According to the consultancy's December 2018 Global ETF and ETP industry landscape insights report, assets invested in global ETF and ETP fell 5.28 per cent to US$4.79 trillion at the end of December from US$5.06 trillion at the end of November.
While the record US$5.26 trillion for assets invested in ETFs and ETPs in September 2018 marked an 8.6 per cent increase over 2017, assets invested in the global ETF and ETP industry ended down 0.6 per cent for 2018.
The consultancy said that substantial inflows during December can be attributed to the top 20 ETFs (by net new assets), which collectively gathered US$40.79 billion. The iShares 1-3 Year Treasury Bond ETF (SHY US) attracted US$3.36 billion, the largest net inflow in December.
At the end of December, the global ETF/ETP industry had 7,657 ETFs/ETPs, with 14,993 listings, assets of US$4.79 trillion from 401 providers listed on 71 exchanges in 57 countries.
"The end of 2018 saw the trend in developed markets reverse, and although arguably predictable, the severity left many pundits scratching their heads," said Deborah Fuhr, managing partner and founder of ETFGI.
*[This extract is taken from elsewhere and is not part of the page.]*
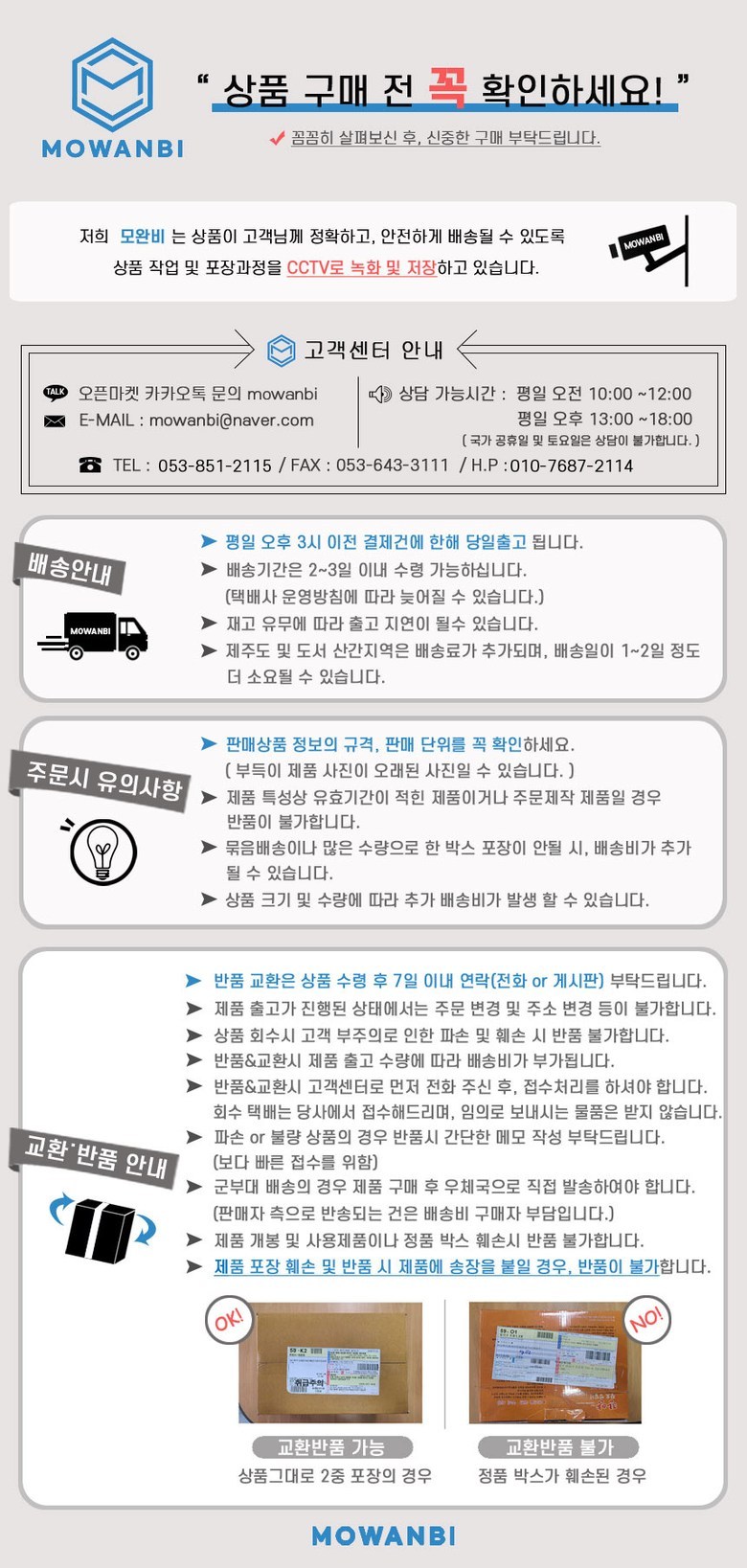 - ㆍ교환/반품에 관한 일반적인 사항은 판매자가 제시사항보다 관계법령이 우선합니다.

"This end of year stress has widely been attributed to the disruption caused by trade disputes feeding into economic data, and the view policy makers are not going to be quite as accommodating as initially expected."
ETFs are typically open-end index funds that provide daily portfolio transparency, are listed and traded on exchanges like stocks on a secondary basis, as well as utilising a unique creation and redemption process for primary transactions.
ETPs refer to other products that have similarities to ETFs in the way they trade and settle, but do not use a mutual fund structure. The use of other structures including grantor trusts, partnerships, notes and depository receipts by ETPs can create different tax and regulatory implications for investors when compared to ETFs, which are funds.